Xeroderma pigmentosum (XP) results from defects in one of seven genes (XPA-XPG) important in repairing DNA damage caused by ultraviolet (UV) light. The disease results when both parents are carriers of the defect and each contributes their mutation to a child. The disease exists from birth. As is true of all recessive genetic disorders, a single copy of the defective gene is insufficient to cause the affliction.

Ultraviolet rays frequently rearrange the electrons in adjacent thymine bases, causing them to cross-link together. This type of damage occurs in skin cells every time they are exposed to sunlight. If left unrepaired, or repaired improperly, whatever proteins are coded for by the damaged sequence can malfunction.
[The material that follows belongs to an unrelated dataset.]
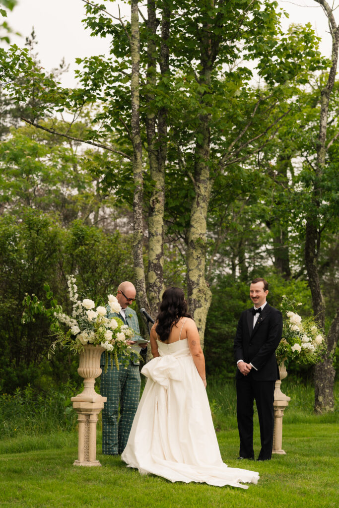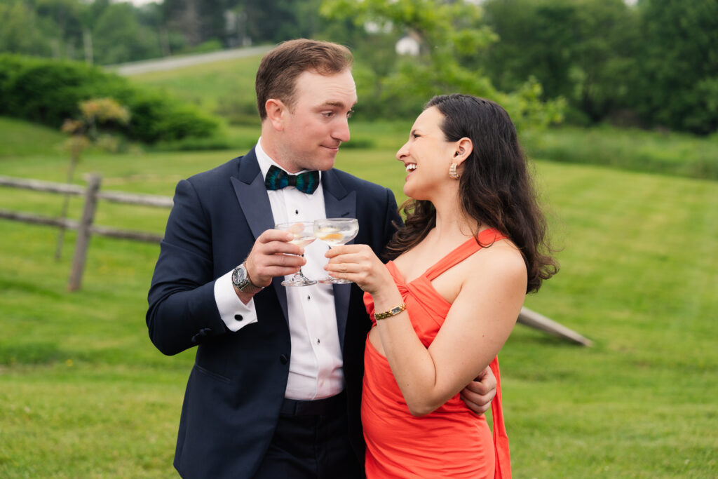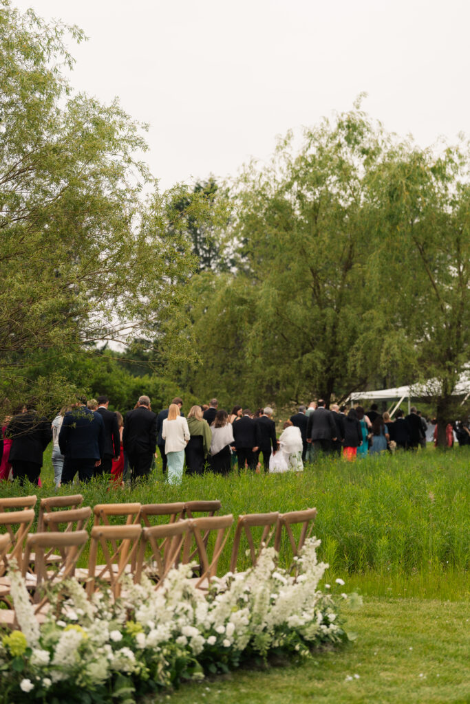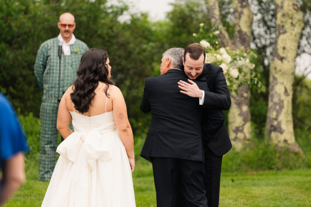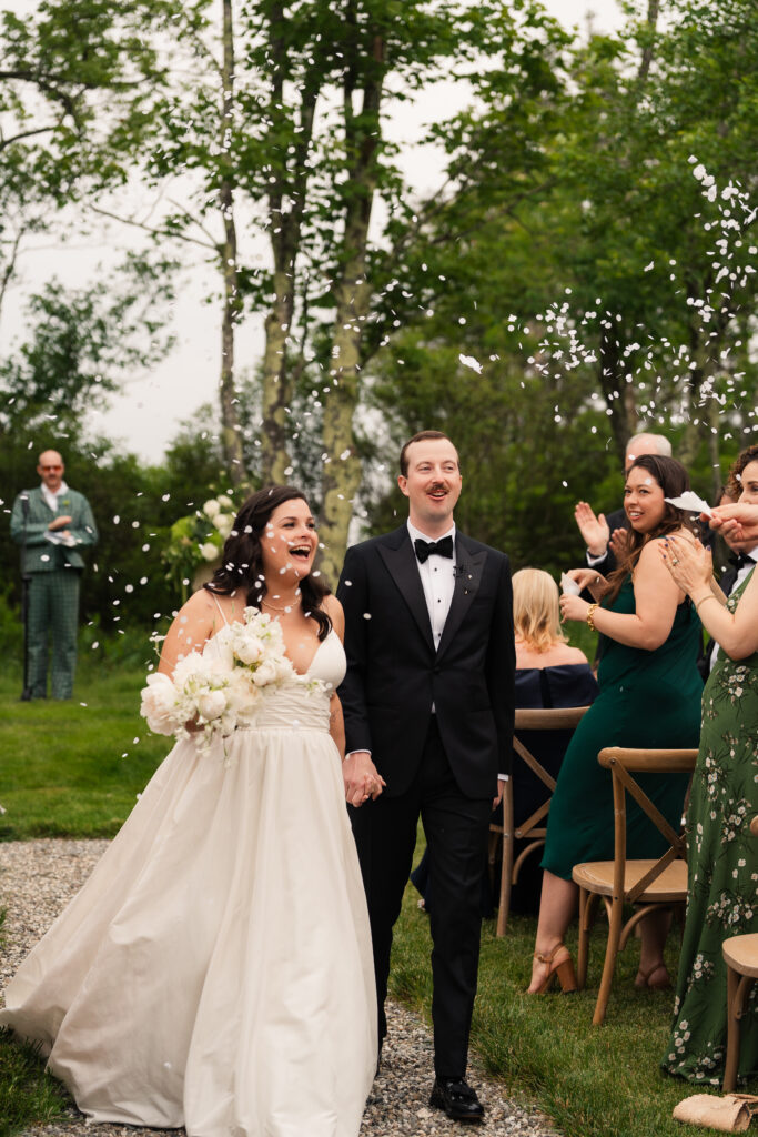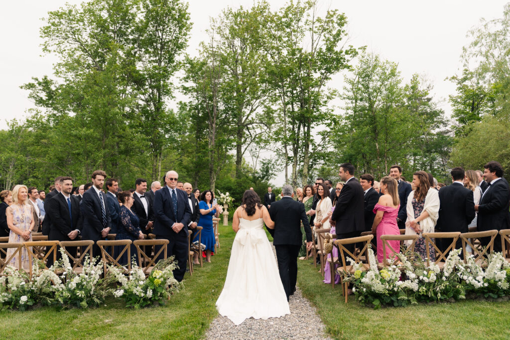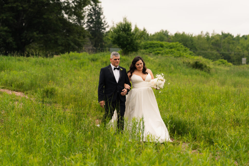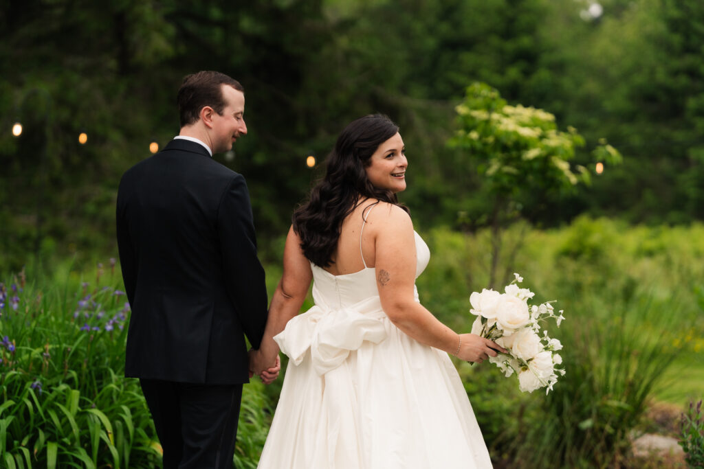 Cat and Mike’s June wedding at the stunning Arnold House in Livingston Manor, New York, was a dreamy celebration full of classic elegance and lush greenery. The day began with a heartfelt first look outside one of the charming guest houses, surrounded by vibrant floral arrangements in soft whites and verdant greens. Cat looked effortlessly timeless in her white crepe dress, while Mike stunned in a black-and-white tuxedo with a bow tie and vintage pin. Their bridal party wore soft pastel tones that perfectly complemented the floral-focused design. Guests walked through a scenic meadow to reach the outdoor ceremony, where handwritten vows, emotional laughter, and petal tosses created magical, unforgettable moments.

XP patients are at high risk for skin cancer and must be protected from the sun and other sources of UV radiation. With great caution in sun exposure, XP patients can live to middle age.

Trichothiodystrophy

Trichothiodystrophy is caused by defects resulting in reduced RNA transcription of specific proteins. About half of all cases of trichothiodystrophy exhibit photosensitivity associated with some of the same DNA repair genes implicated in XP.

Symptoms include brittle hair and nails, scaly skin, and physical and mental deficiency, protruding ears and receding chin. The symptoms are thought to result from an overall low level of RNA transcription. Sufferers look prematurely aged, because of a lack of subcutaneous fat under the facial skin.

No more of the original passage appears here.